World of Warcraft Classic players will do almost anything to head into the upcoming Wrath of the Lich King expansion launch with an advantage. If we’re being honest, building up to the release is the only thing to do right now. However, it can be a source of pain and frustration for some — be it through farming Alterac Valley or struggling to get past (the now far smaller) login queues.
However, its professions that stand out as the foundation to the latest major pain point for forward-thinking players. Right now, in game, players are fighting tooth and nail over ore all around the world of Azeroth and Outland. Far from the battlegrounds and arenas are brawls over mining nodes.

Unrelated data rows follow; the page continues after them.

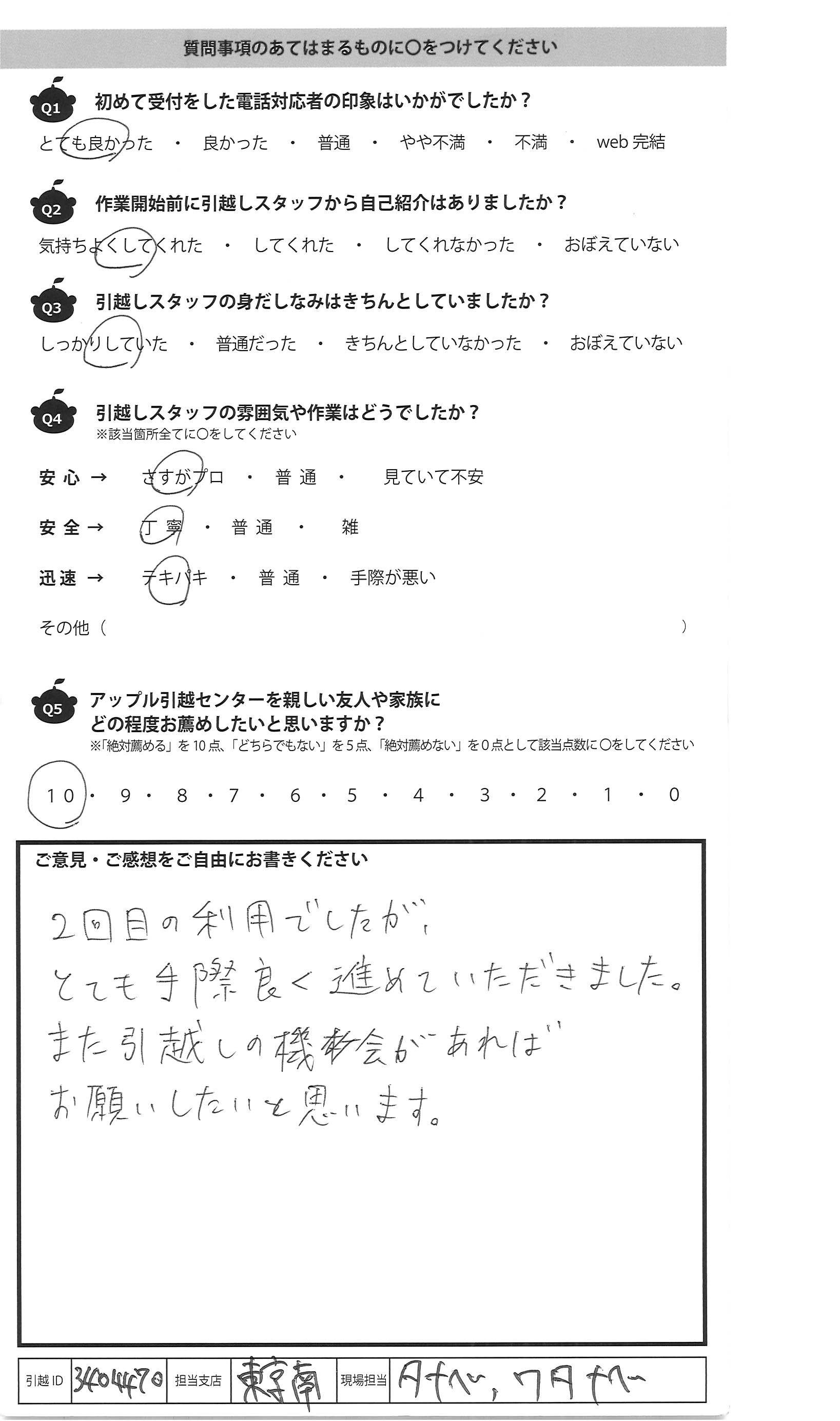 A.2回目の利用でしたが、 とても手際良く進めていただきました。 また引越しの機会があれば お願いしたいと思います。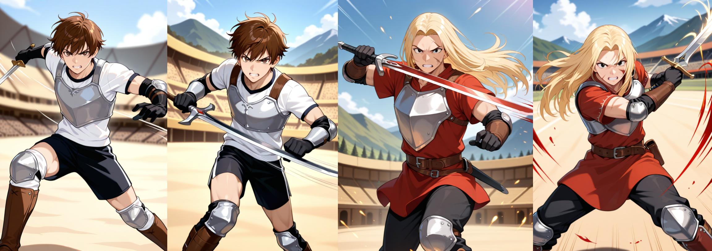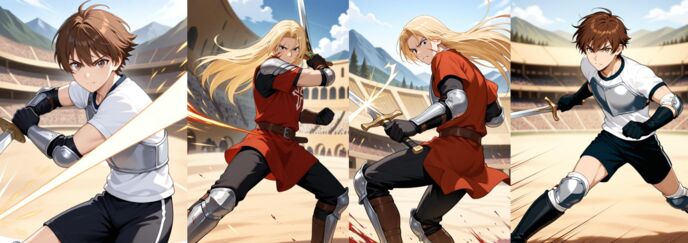 対戦が始まった。両者が軽く剣を交えた後、中央での一騎打ちが始まった。アルス先輩は、いつもの顔で調子は悪くなさそうだ。2年生の先輩も応援している。エリアスさんの本格的な戦いを見るのは初めてだ。どんな戦い方をするんだろう。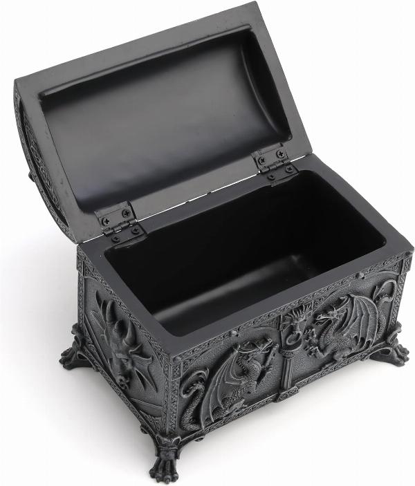 Celtic themed stone effect trinket box with a guarding dragon poised on the lid. 4 clawed feet feature.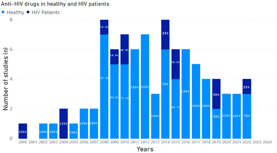 Number of studies published between 2000 and 2024, conducted in healthy volunteers and HIV+ patients that investigated potential DDI-related adverse outcomes involving drugs belonging to HAART and drugs co-administered for the treatment of comorbidities. The percentages of studies, calculated from the total number of studies published year by year, are marked within each histogram.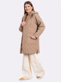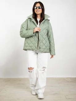Куртка весенняя стеганая оверсайз с капюшоном на молнии
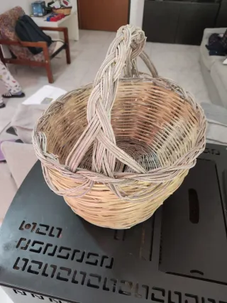 Bellissimo cesto artigianale sardo, realizzato con cura con materiali naturali. - Realizzato in canna e olivastro. - Design rustico e autentico.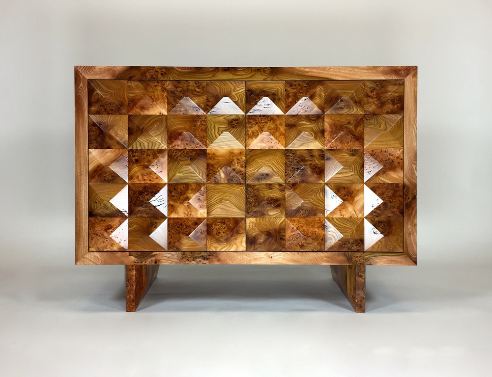 Faceted burr Elm cabinet that emphasises the woods natural grain.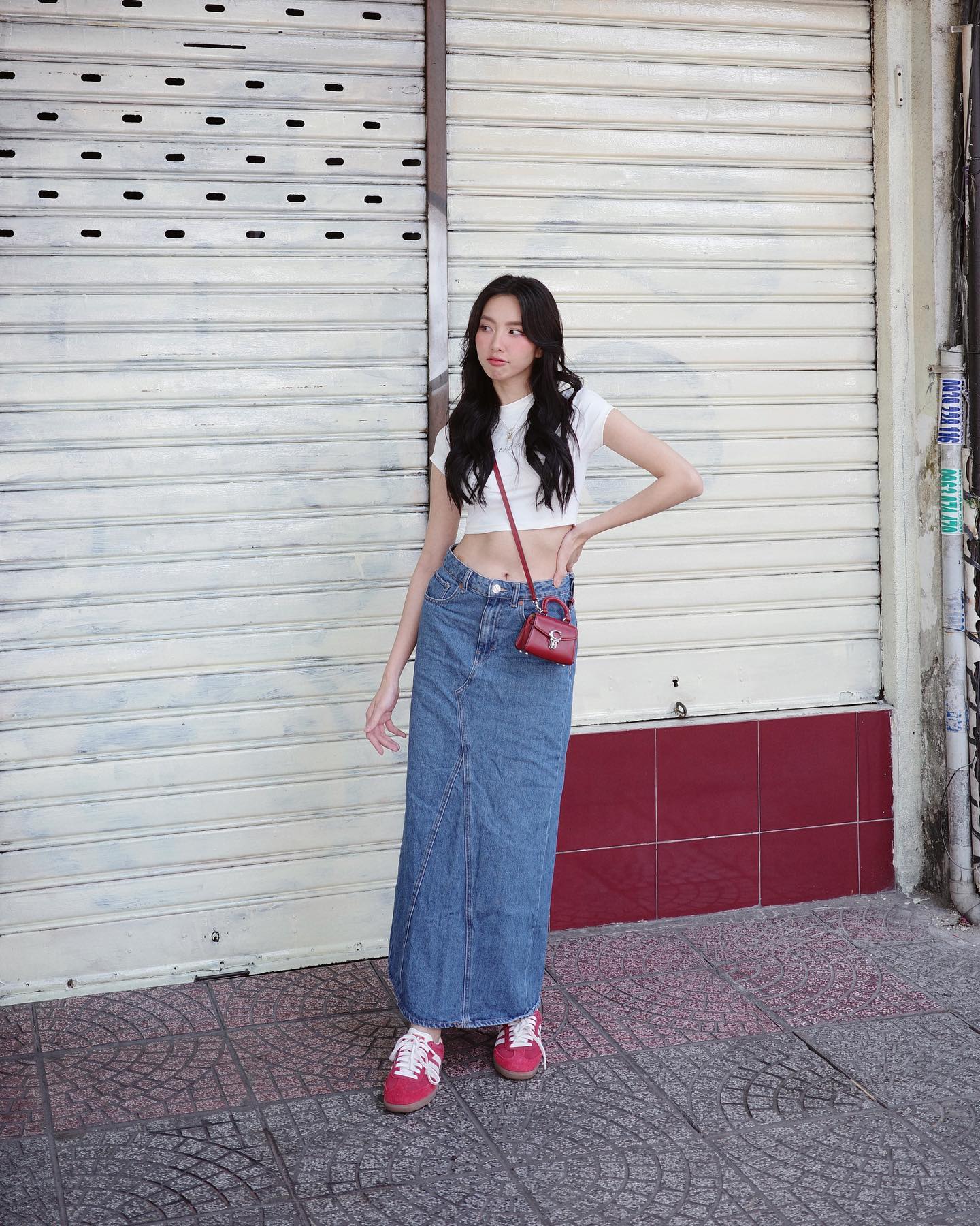 Hoa hậu Thùy Tiên gợi ý một set trang phục rất năng động, cá tính gồm áo crop top kết hợp với chân váy denim dáng suông. Cô nàng còn tăng sự nổi bật cho outfit bằng cách đeo túi xách và đi giày thể thao cùng tông màu đỏ.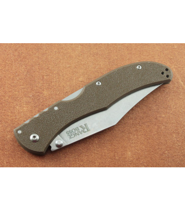 $39.97Cold Steel 20KR7 Range Boss with Flat Dark Earth handle. Whether you are riding the range in a taxi in Manhattan or riding a horse in Montana, we're sure you're going to appreciate the Range Boss. Designed to ride all day in your pocket or waistband, it's light and easy to carry. It doesn't take up much room and can be carried virtually unnoticed until you snap it open. The Range Boss's clip point blade is flat ground to a thin edge that is so sharp it will astonish you. It is stone washed to resist rust, and its versatility makes it a darn good skinning knife, not to mention food preparation too. The glass reinforced nylon handle is textured with a stippled pattern for a good grip, and it features or renowned Tri-Ad® lock for superlative strength. SPECIFICATIONS: --Blade Length: 4" --Overall Length: 9 1/4" --Steel: 4034SS Stainless --Weight: 3.4 oz --Blade Thickness: 3.5mm --Closed Length: 5 1/4" --Brand: Cold Steel --Model Name: Range Boss --Model Number: 20KR9 --Item Number: CS20KR9 Country of Origin: Taiwan -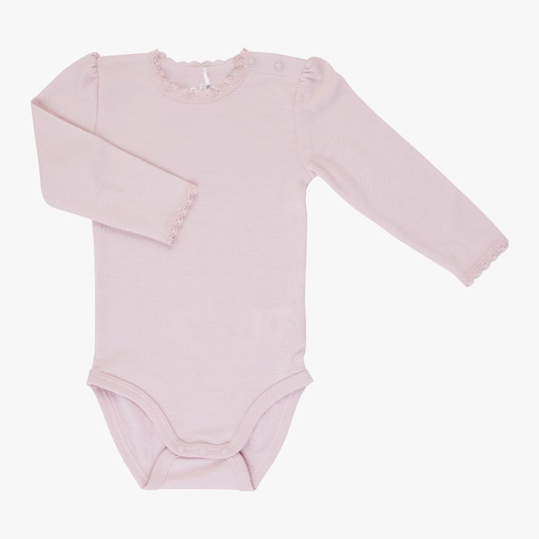 Ensfarget body med blonder med bambusviskose på innsiden og sertifisert merinoull på utsiden. Denne kombinasjonen av naturmaterialer beskytter sensitiv og tørr hud mot irritasjon samtidig som man får godt utbytte av ullens gode egenskaper.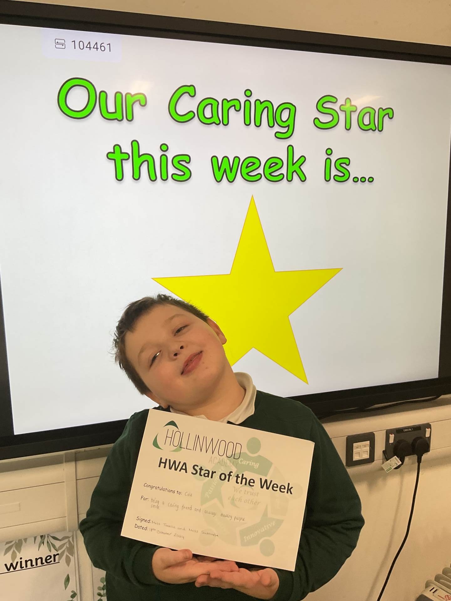 Miss Gittins’ HWA We are Caring STAR is Lewis for trying hard in Maths.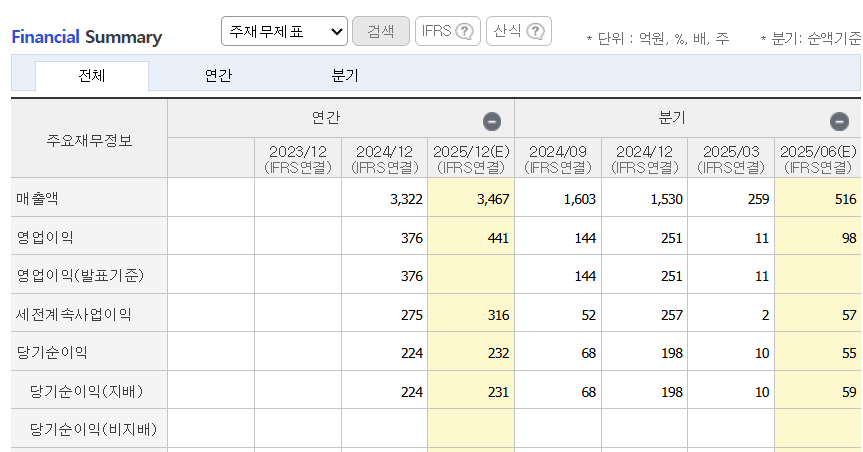- 2025년 예상 매출액, 영업이익, 당기순이익이 2024년 대비 증가할 것으로 예상되어 시장의 기대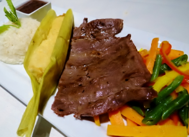 Carne Asada Cecina (smoked dried meat) served with house salad, black beans, rice onions and a tamale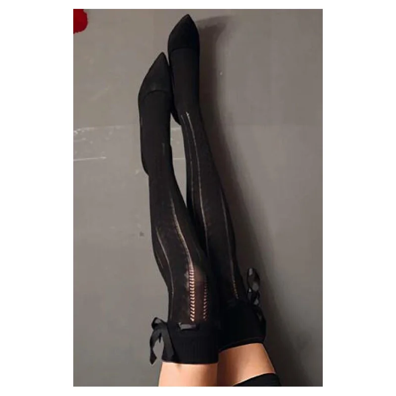 Chaussettes Hautes Torsades et laçage noir Cronert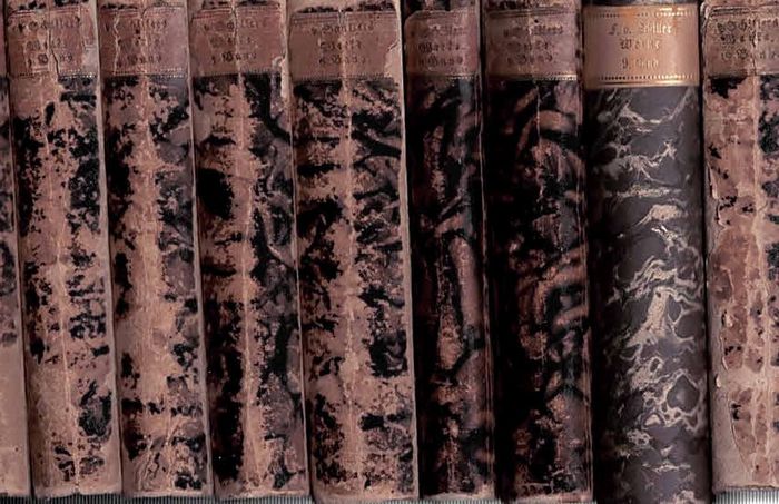 Friedrich von Schillers sämmtliche Werke. [Bdd. 1-8:] Mit Königl. Sächsischen und Königl. Westphälischen allergnädigsten Privilegien gegen den Nachdruck und den Verkauf der Nachdrücke [Bdd. 9-12:] Mit allergnädigsten Privilegien gegen den Nachdruck und den Verkauf der Nachdrücke. 12 Bdd. Stuttgart und Tübingen, Cotta, 1812-15. 8°. Pp. d. Zt. Rundumrotschnitt. Alters- und Gebrauchsspuren. Ecken und Kanten beschabt und bestoßen. Bezugspapier berieben. Bd. 9 neu eingebunden. LRs teilweise beschädigt, zum Teil mit Materialverlust. Gelegentlich Wurmspuren. Durchgängig leicht braunfleckig. WG²49 - Hirschberger, Taschengoedeke, S. 445. - Nach dem ersten, unrechtmäßigen Druck 1810-11 in Wien die erste rechtmäßige Gesamtausgabe der Werke Schillers. - Bd. 1 mit Abdruck der Privilegien sowie einem Subskribenten-Verzeichnis. Der erste Nachtrag zum Subskribenten-Verzeichnis ist nicht mit eingebunden. Bd. 8: Zweiter Nachtrag, Bd. 9: Dritter Nachtrag.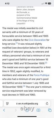 Please review pictures provided for details of condition and please ask any questions before purchasing. About the medal - The medal was initially awarded to civil servants with a minimum of 20 years of honourable service between 1865 and 1905 who were eligible for the Civic Decoration for long service. It was reissued slightly modified (see description below) in 1951 at the request of veterans' groups, to veterans and military personnel who had a minimum of one year's good and faithful service between 16. December 1865 and 18 December 1909.21. The medal was once again reissued for a third time in 1952, again slightly modified, to members and veterans of the Force Publique who also had a minimum of one year's good and faithful service between 1 July 1885 and 18 December 1909.131 The one year's minimum service requirement was later removed by royal decrees in 1959 and 1960.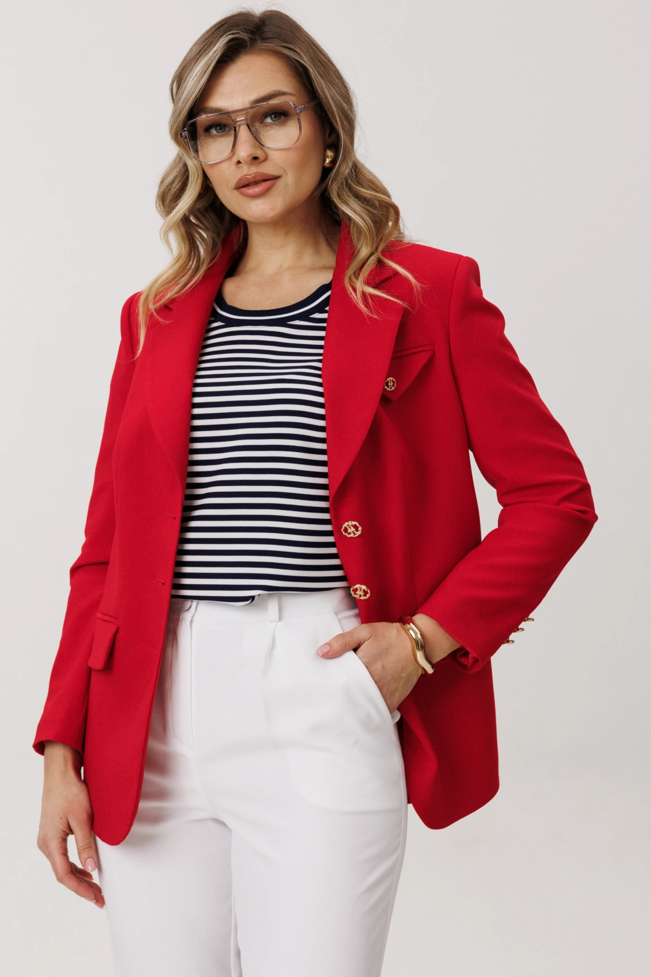 Брюки: ПЭ 96%, спандекс 4% Жакет: ПЭ 65%, вискоза 33%, спандекс 2% Топ: ПЭ 95%, эластан 5%

“Nodes aren’t plentiful in vanilla classic as they weren’t on game release,” says Squee, a level 53 Priest levelling on the Thekal fresh server in the weeks leading up to Wrath of the Lich King. “There are only a few zones where you can get ore and level up, and at the moment, no matter which zone you go to, you’ll run into 3-4 other players running the same route”. They are one of many players currently farming mining in order to funnel resources towards jewelcrafting and / or engineering.
The reason these two professions are particularly rough for MMO grinders is because of how damn great they are in Wrath of the Lich King. Both provide players with untradable gems or gear upgrades, which provide incredible benefits that’ll put you a step ahead of your peers in terms of damage, healing, or anything relevant.
So why is mining ore a point of contention right now? Well, both jewelcrafting and engineering require raw ore and gems that are only obtainable via mining. Either that, or you have to spend in-game gold at the auction house for resources that currently are seeing inflated prices due to the sheer demand at play right now. As such, for those without much capital, especially on fresh servers without years of earned wealth around, m ining is the best option.
According to Squee via in-game whispers: “You could spend 1 hour running in circles, not seeing 1 node”, purely down to the number of players out in the world hunting them down. On Azeroth there’s no flying, so those with epic ground mounts (or paladins with their additional mounted speed) have the advantage, whereas in Outland the costly epic flying speed reigns supreme. For comparison, I levelled up herbalism from start to finish in around 5 hours over the weekend. Miners are struggling to finish up in double the time thanks to sheer competition.
So why do it now? Why not wait until later, when people have moved on? You guessed it: sunk cost fallacy. Now they’ve started, they might as well finish it. Squee states: “It’s more than time spent, when you spend such a large time doing something, it feels like a massive waste to give it up, so you’re kind of stuck with just finishing it off, out of principle.”
Looking at the situation from afar, it makes you wonder what everyone affected thinks about each other. Are they bitter enemies, or comrades in arms suffering together. In a heartwarming twist I wasn’t expecting, it appears to be the latter… for the most part. “I usually call them expletives, cause they beat me to every node, but it’s understandable, they’re all in the same situation. So we all just have to put up with each other. Unless they’re a paladin, then I hate them, because they have extra mount speed.”